### Information supplied
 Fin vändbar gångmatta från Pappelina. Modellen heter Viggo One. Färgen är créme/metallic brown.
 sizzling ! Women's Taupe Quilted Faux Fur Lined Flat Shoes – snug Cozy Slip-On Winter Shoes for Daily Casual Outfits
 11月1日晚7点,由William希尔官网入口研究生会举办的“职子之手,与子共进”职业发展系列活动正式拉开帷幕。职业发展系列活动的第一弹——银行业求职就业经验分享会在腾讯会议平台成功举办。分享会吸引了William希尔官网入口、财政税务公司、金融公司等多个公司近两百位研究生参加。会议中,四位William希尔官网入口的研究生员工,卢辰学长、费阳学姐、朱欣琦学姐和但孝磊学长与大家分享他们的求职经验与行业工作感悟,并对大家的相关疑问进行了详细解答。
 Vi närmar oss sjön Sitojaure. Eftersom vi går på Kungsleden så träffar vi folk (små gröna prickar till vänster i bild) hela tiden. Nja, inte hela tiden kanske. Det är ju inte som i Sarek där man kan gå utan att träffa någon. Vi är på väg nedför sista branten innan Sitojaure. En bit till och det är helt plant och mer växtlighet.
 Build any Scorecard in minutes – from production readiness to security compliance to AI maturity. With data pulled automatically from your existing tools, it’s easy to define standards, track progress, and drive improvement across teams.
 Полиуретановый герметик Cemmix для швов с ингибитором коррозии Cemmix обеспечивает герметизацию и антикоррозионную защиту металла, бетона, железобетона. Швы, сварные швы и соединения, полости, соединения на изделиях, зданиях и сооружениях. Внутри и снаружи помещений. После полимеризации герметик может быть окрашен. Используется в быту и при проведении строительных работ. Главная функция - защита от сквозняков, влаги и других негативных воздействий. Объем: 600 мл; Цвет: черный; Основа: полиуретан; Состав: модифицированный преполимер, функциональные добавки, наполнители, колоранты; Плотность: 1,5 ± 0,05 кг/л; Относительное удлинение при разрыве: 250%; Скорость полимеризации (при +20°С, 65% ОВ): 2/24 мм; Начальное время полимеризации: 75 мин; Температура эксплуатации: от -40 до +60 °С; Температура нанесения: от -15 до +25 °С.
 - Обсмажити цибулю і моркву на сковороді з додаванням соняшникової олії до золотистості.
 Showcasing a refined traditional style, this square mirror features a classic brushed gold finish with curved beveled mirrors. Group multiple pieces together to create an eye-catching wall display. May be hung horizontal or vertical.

...

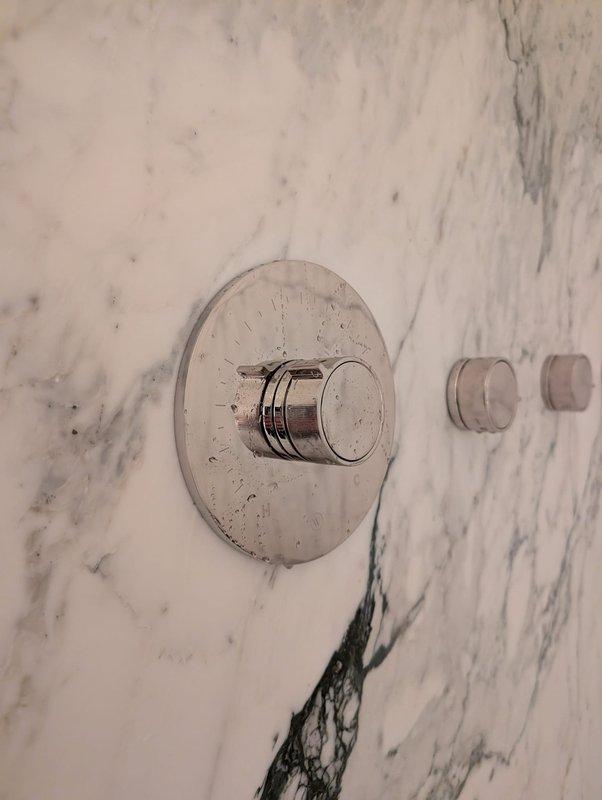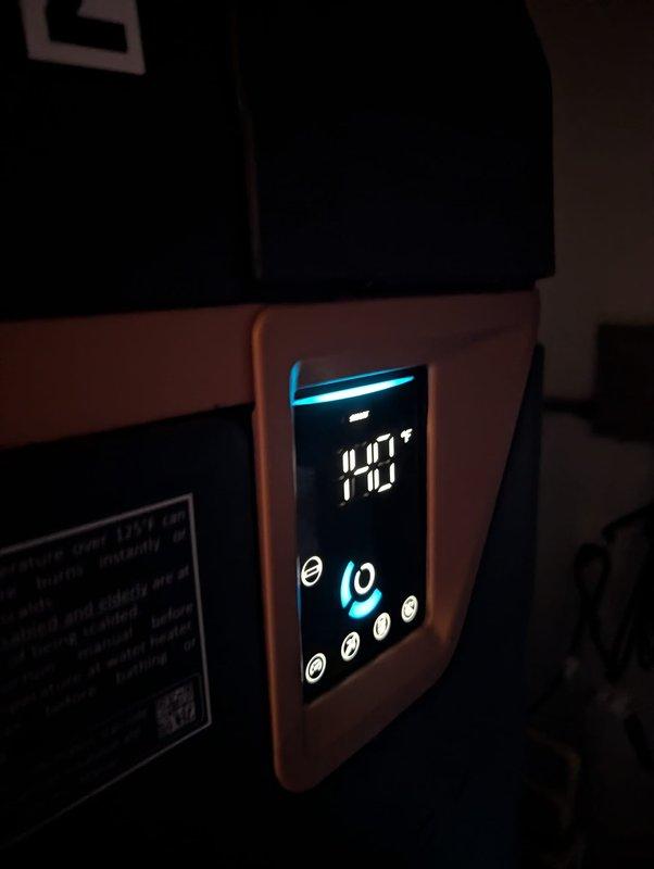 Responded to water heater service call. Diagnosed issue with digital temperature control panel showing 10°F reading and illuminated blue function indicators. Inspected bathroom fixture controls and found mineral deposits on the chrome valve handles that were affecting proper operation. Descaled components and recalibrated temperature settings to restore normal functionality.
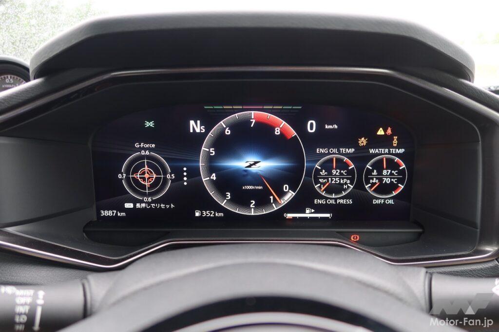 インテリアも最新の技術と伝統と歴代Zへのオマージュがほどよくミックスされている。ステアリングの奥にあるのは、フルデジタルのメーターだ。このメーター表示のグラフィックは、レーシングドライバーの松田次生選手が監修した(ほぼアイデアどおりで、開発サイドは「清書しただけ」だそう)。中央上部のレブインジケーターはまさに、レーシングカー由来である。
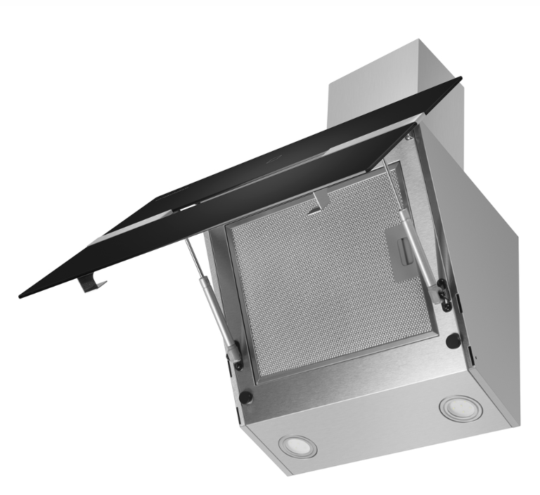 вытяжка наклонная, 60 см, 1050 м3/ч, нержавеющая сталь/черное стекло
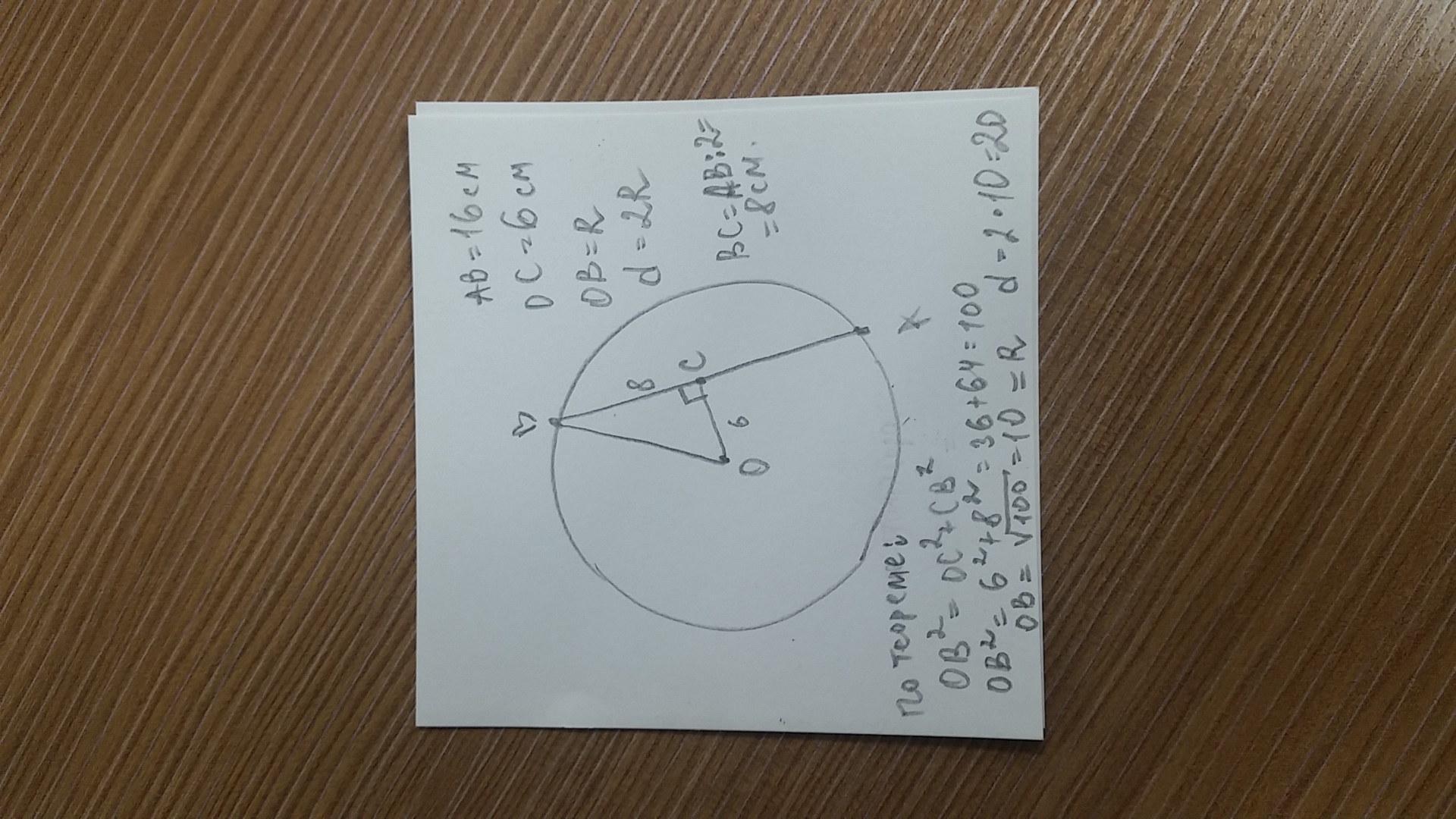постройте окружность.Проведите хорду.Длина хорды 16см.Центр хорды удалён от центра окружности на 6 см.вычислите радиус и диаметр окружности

...

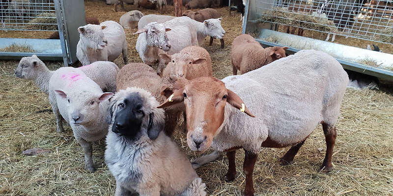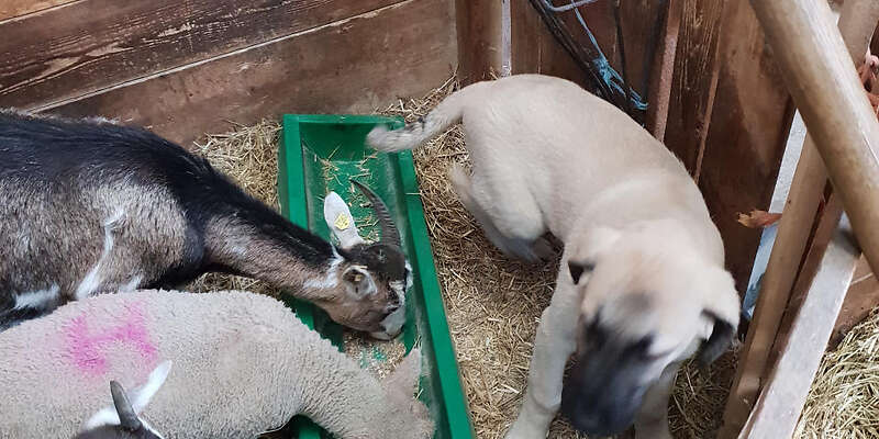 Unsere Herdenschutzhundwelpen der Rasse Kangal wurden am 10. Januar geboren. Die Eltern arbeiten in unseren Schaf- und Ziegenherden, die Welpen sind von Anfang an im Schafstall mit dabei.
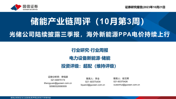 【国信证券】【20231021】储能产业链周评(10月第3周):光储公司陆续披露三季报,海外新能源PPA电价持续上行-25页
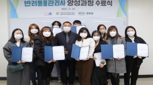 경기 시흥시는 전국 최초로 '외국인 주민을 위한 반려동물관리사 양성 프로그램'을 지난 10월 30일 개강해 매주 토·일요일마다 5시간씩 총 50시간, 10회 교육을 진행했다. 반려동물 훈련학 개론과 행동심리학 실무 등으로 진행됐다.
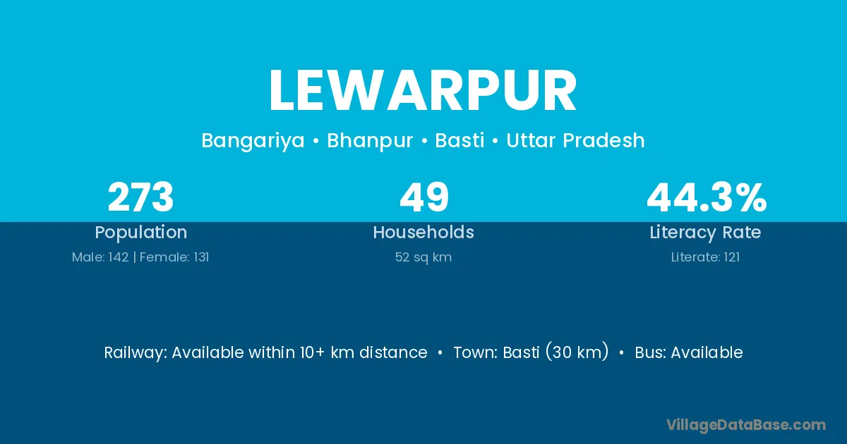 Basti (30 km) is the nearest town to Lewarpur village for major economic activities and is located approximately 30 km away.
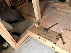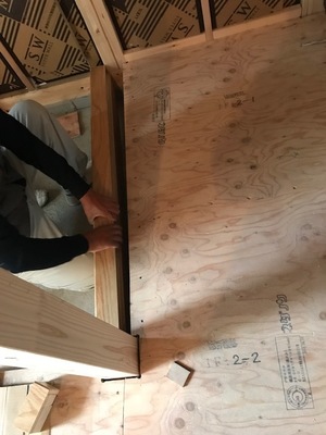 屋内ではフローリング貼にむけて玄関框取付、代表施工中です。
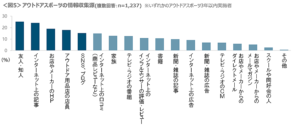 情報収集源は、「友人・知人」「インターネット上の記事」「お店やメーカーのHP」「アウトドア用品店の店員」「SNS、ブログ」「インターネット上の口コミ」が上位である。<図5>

### What this task involves
Above are the records; copy exactly the lines from the one with "вытяжка наклонная, 60" through the one with "постройте окружность.Проведите хорду.Длина", including both, and nothing more. Leave out pictures.

### The completed task
 вытяжка наклонная, 60 см, 1050 м3/ч, нержавеющая сталь/черное стекло
постройте окружность.Проведите хорду.Длина хорды 16см.Центр хорды удалён от центра окружности на 6 см.вычислите радиус и диаметр окружности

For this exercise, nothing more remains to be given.